INFORMATION SUPPLIED

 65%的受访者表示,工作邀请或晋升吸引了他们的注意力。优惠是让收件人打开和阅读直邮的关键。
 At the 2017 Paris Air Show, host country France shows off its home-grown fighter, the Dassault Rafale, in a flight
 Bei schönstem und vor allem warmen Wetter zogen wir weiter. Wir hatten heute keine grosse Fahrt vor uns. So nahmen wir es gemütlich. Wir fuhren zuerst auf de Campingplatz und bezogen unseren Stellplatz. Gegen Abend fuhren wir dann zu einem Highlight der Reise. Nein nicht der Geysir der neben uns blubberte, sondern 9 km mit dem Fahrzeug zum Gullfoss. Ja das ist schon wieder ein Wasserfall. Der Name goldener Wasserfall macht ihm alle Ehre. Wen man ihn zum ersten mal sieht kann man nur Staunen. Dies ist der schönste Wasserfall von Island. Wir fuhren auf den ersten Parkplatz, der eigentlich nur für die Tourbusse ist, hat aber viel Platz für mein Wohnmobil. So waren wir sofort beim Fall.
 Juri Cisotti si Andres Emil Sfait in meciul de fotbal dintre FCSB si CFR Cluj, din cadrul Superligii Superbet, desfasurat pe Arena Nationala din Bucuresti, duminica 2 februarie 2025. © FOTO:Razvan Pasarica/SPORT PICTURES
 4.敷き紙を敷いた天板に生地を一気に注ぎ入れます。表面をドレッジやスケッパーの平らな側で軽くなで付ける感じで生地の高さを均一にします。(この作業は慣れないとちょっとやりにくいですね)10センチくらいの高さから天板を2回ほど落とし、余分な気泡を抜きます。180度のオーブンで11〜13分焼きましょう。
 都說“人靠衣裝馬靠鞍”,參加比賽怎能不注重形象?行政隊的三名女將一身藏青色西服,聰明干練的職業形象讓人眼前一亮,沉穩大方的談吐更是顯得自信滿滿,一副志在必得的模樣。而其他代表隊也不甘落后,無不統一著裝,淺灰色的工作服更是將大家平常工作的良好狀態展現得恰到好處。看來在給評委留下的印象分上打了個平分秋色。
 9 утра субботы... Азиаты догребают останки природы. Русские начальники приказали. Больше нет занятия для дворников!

--

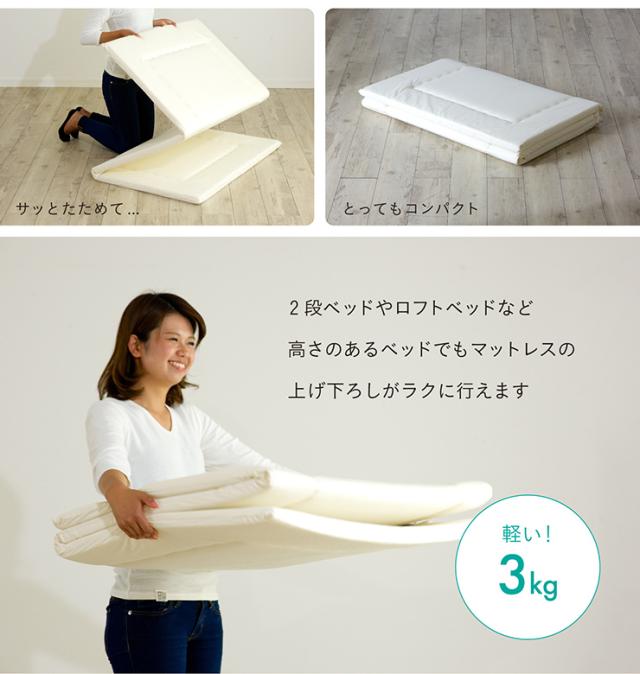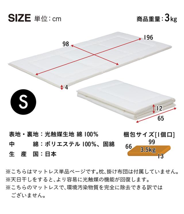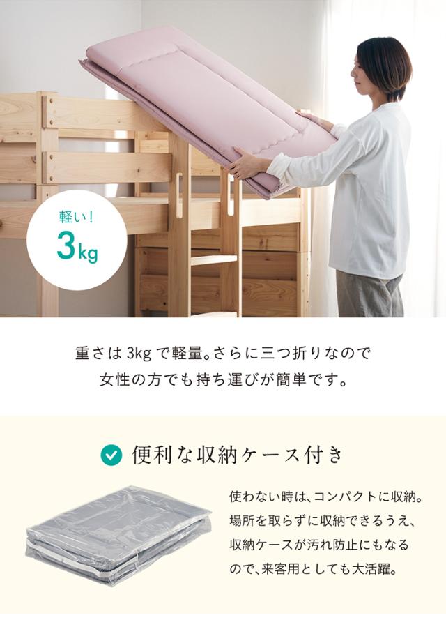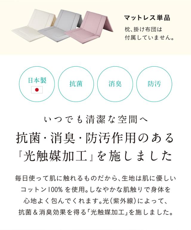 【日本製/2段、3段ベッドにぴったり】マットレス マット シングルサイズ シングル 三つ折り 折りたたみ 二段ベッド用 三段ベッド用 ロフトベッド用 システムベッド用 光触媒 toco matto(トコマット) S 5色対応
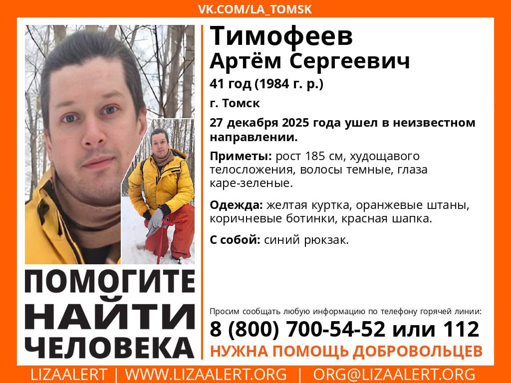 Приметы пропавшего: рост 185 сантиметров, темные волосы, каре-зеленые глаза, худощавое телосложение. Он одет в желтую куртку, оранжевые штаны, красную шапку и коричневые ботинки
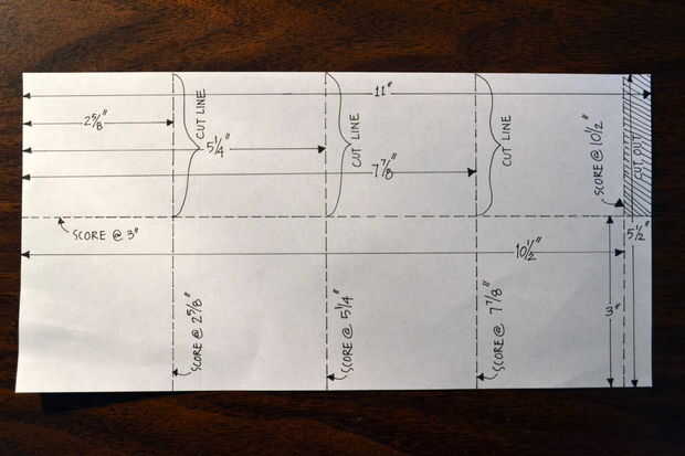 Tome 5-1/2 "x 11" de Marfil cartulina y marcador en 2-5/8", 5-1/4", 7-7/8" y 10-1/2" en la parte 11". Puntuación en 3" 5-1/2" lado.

...

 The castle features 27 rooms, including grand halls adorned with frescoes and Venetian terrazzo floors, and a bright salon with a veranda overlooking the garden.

WHAT THIS TASK INVOLVES
Give the exact lines, and only those, from the line containing "4.敷き紙を敷いた天板に生地" through the line containing "9 утра субботы..." in the entries above.

RESPONSE AREA
 4.敷き紙を敷いた天板に生地を一気に注ぎ入れます。表面をドレッジやスケッパーの平らな側で軽くなで付ける感じで生地の高さを均一にします。(この作業は慣れないとちょっとやりにくいですね)10センチくらいの高さから天板を2回ほど落とし、余分な気泡を抜きます。180度のオーブンで11〜13分焼きましょう。
 都說“人靠衣裝馬靠鞍”,參加比賽怎能不注重形象?行政隊的三名女將一身藏青色西服,聰明干練的職業形象讓人眼前一亮,沉穩大方的談吐更是顯得自信滿滿,一副志在必得的模樣。而其他代表隊也不甘落后,無不統一著裝,淺灰色的工作服更是將大家平常工作的良好狀態展現得恰到好處。看來在給評委留下的印象分上打了個平分秋色。
 9 утра субботы... Азиаты догребают останки природы. Русские начальники приказали. Больше нет занятия для дворников!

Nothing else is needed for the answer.